別の場所には本来の艦長達が凍結されて眠っていた。
先ほどの魔動人形ではなく、美しい女性型の人造人間である。
もしかしたらベースに人間が犠牲になっているかもしれないが、作られた当時も戦争の真っ最中であり倫理の壁が限りなく低くなっていた時代だ。
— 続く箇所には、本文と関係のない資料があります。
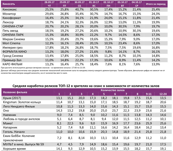 Как показывает индустриальная статистика с 28 сентября по 4 октября 2017 года (неделя №39), неделя на стыке сентября и октября оказалась слабее двух предыдущих. Почти треть проданных билетов пришлась на долю российской новинки «Крым». За первую неделю проката картину посмотрело свыше 800 тыс. зрителей, обеспечивших фильму без малого 200 млн. рублей. Вторая российская новинка «Любовь в городе ангелов» заработала 22 млн. рублей, стартовав с шестой позиции.
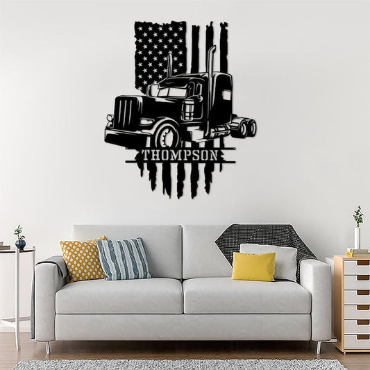 Personalized Truck Driver And American Flag Metal Sign - Custom Trucker Wall Art For Home Decor - Father's Day Gift
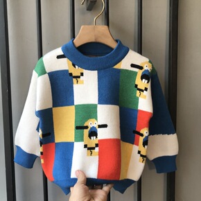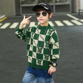 中大童毛衣2022秋冬新款韩版童装洋气格子圆领套头...
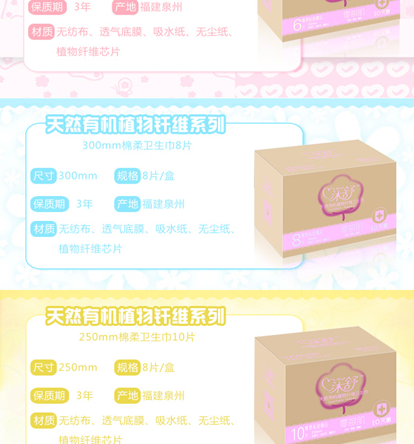 沐舒天然有机植物纤维卫生巾8片
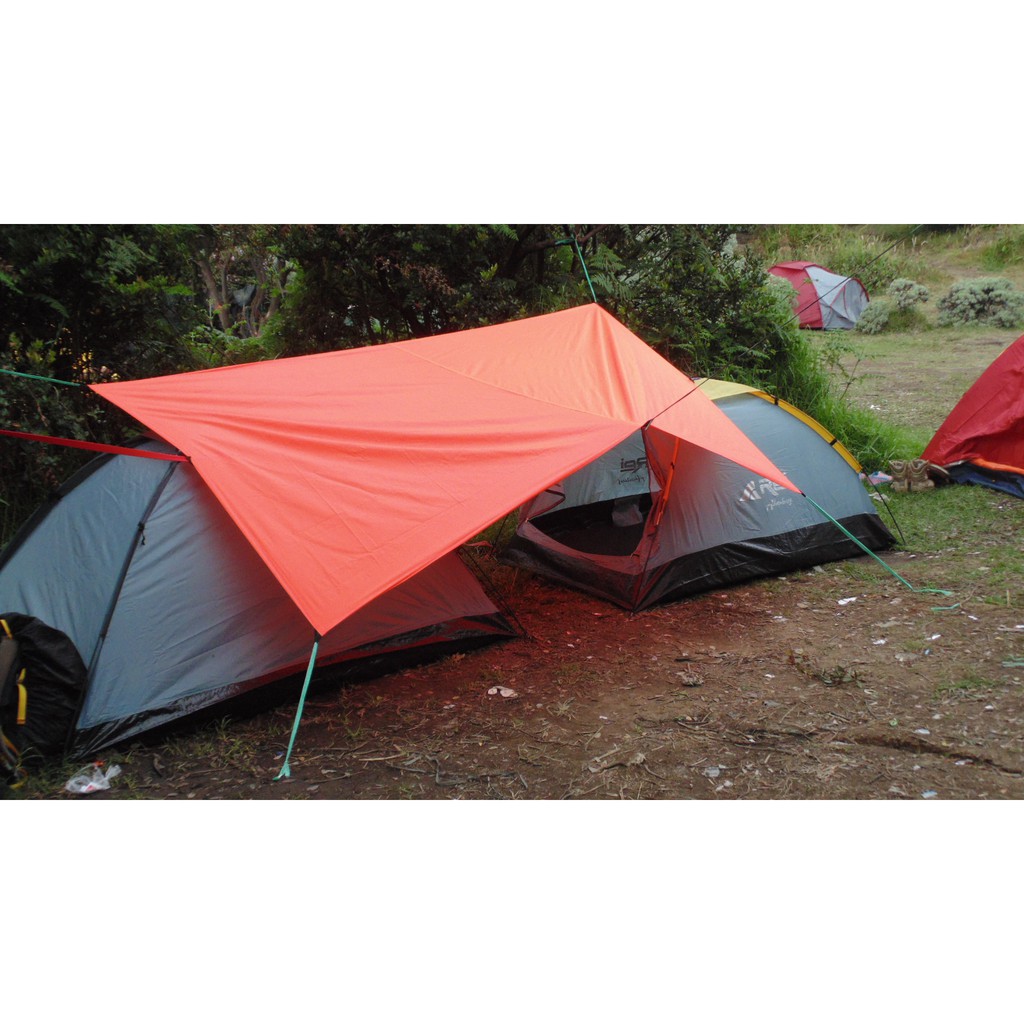 ❄ Terbuat dari bahan anti air yang fungsinya digunakan sebagai pelindung tenda dari hujan maupun cuaca. ❄ Selain itu Flysheet juga berfungsi sebagai pengganti tenda, dalam keadaan darurat fungsi dari flyshhet ini mampu memberi perlindungan untuk bermalam atau saat kondisi hujan.
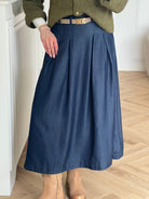 Anya Denim Pleat Nederdel Navy Denim fra Co'Couture
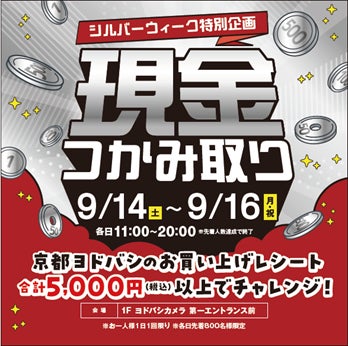 京都ヨドバシで9/7(土)~9/16(月・祝)の期間中にお買い上げいただいた合計5,000円(税込)以上の対象レシートを9/14(土)~9/16(月・祝)にイベント会場へお持ちいただくと現金つかみ取りイベントに参加いただけます。
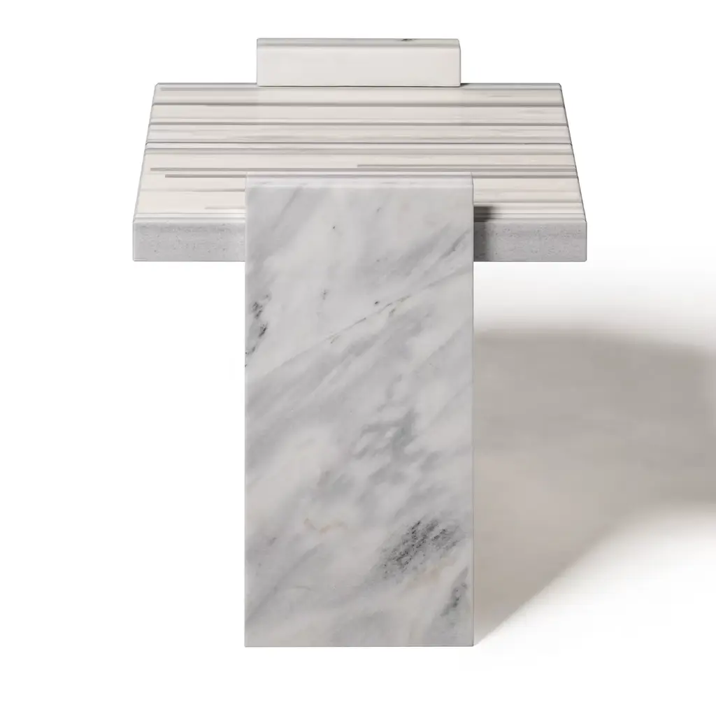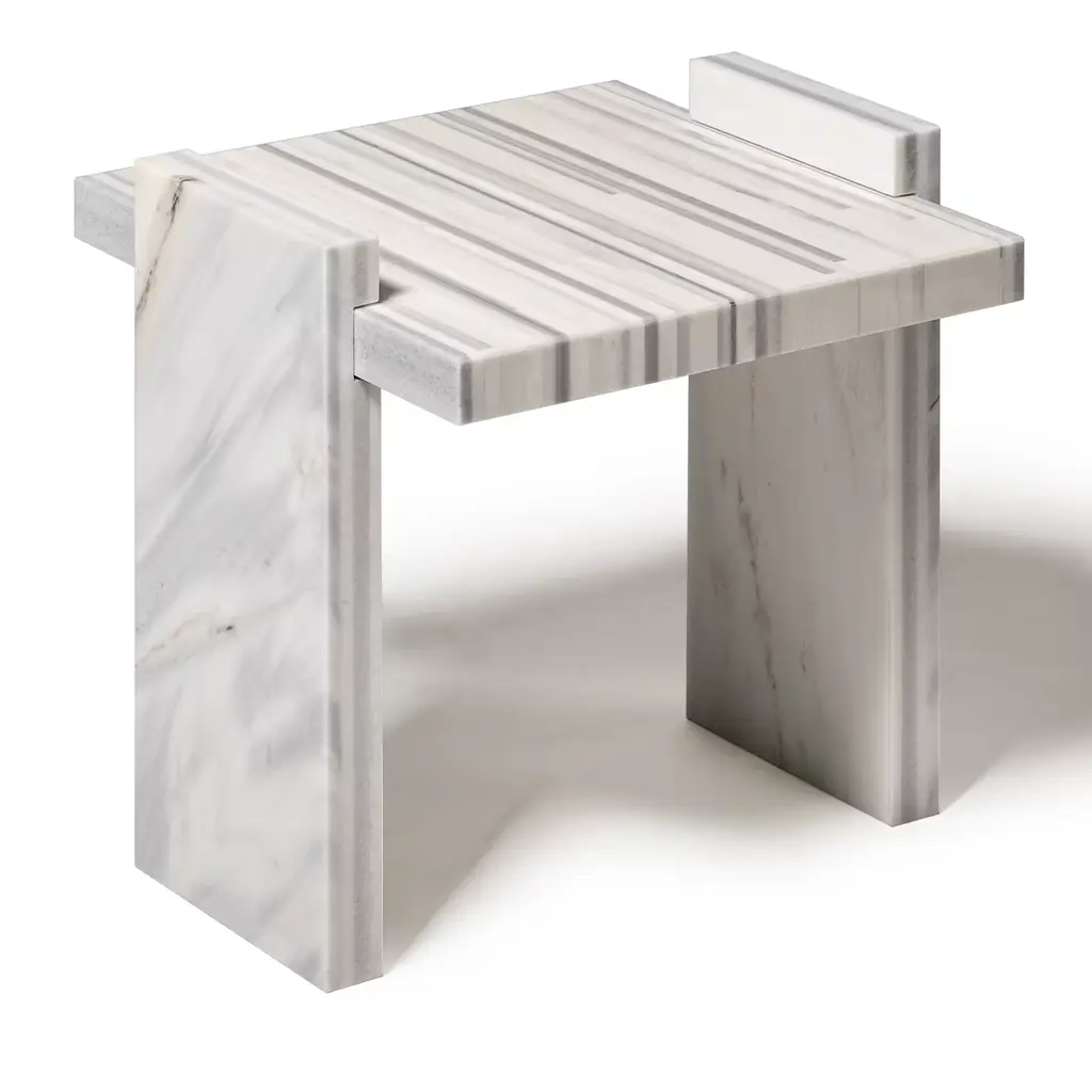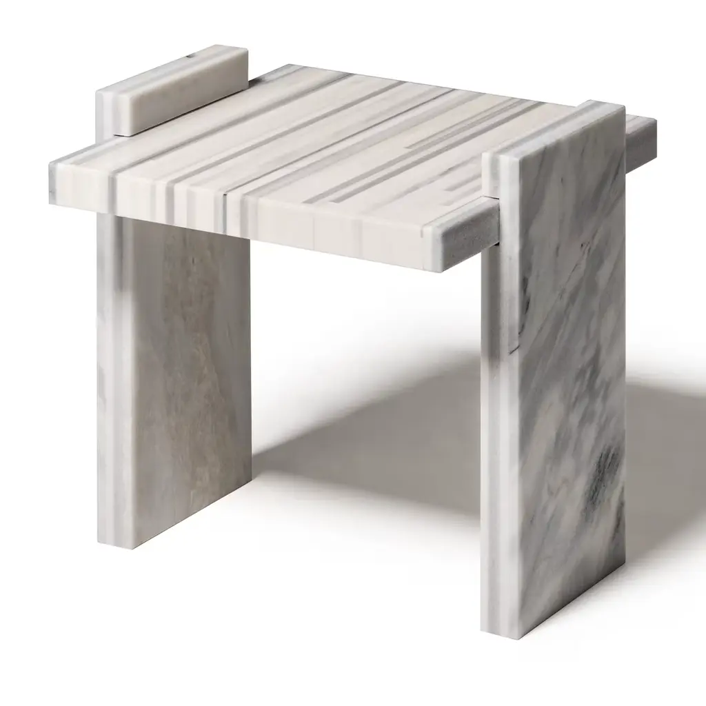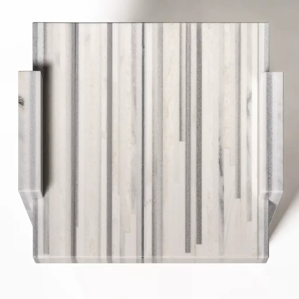 Bakodo Side Tables, from the exclusive Fragment Collection by Gwenael Nicolas for Budri - unveiled at the Milan Design Week 2022, are available in Large and Small sizes, are modular and can be combined with each other. The striped pattern is made up of white and grey rods in Striato Olimpico, Bianco Namibia, Bianco Covelano, and Bianco Sivec marble. Please ask the Concierge for customization options.

製作者の趣味なのか、美女として作られた彼女らは、最期まで実戦に投入されることなく、起動した王族達とこもった隠れ家の洞窟の中で岩盤に押しつぶされてしまった。
全くばかげている。
俺は彼女の一人を特殊艤装させている艦の艦長にすると共に、残りをその艦の乗員兼戦闘員にした。
通りの指示を出したら後は待つだけ。
「シェリー、しばらく待たないといけませんから、少し速いですが食事にしましょう」
「はい」
司令室の隣に有る、テーブルと寝台だけの簡素な指令官私室に移り、壁のパネルを操作して永久保存されていた食料を出す。
あらかじめかけて有る魔法で自動で温まるし、これが結構美味しい。
美味しいものを食べると自然と顔がほころんでくるのだが、向かいに座っているシェリーが食事に手をつけないでもじもじしている。
「どうしました?」
「えっと、ボク、クリス様と二人っきりになったのがはじめてで…」
俯いてしまったシェリーをじっと待つ。
時間は有るのだ。
しばらくっても言い辛そうだから俺のほうからもう一度声をかけてやる。
「そういえば二人っきりは初めてでしたね」
「ボクどうしても思い出せないんですけど、昔クリス様と会ってるんですよね」
「昔じゃないけどね、初めて会ったのは私とあなたが19才の時かな」
「え?」
今、俺もシェリーもまだ16才だ。
驚いているシェリーにかつて在った未来のことを話してやった。
俺がロビンだったのは話が複雑になるので隠したが、初めてであった戦場での出来事、それから初めての…、いろいろとシェリーとの思い出を語ってやった。
もちろんシェリーの最期は話していない。
”でも結局シェリーはアーサー一筋だったんだけどね”
なんて言えるものではない。
俺にだってその辺のプライドは有るのだ。
そのころアーサーは常に別の女性と一緒だったとも言わない。
だって彼の相手としてマリシアの名前が出てしまうからね。
”さすがボク、アーサーより絶対クリス様のほうがいいって分かってたんだ”
腋の下につめたい汗をかいてしまったのは秘密です。
食後は武器庫に行って、やはり俺の槍になるはずの針が無いことを確認し、シェーリーに聖戦士アーサーが使っていた長剣と盾を探し出して装備させた。
マリシアがあの時使っていた杖もここにあり、唯一まともに使用された遺産がこの武器庫だった。
武器庫と防具庫からめぼしいものを数点持ち出した後、残りはランク順にそれぞれの艦に分けて収納した。
その夜は指令官室に泊ったのだが、忙しくて寝る直前までベッドが一つしかないのに気がつかなかった。
そして俺が女の子を床に寝かせるはず無いじゃないか…。
マリシアたちへの土産も出来たし、艦の艤装が終わったら帝都にこの遺跡を報告しに行くついでに会いに行くことにしよう。
この時はまだマリシアに何が起きているか、俺は全く知らなかった。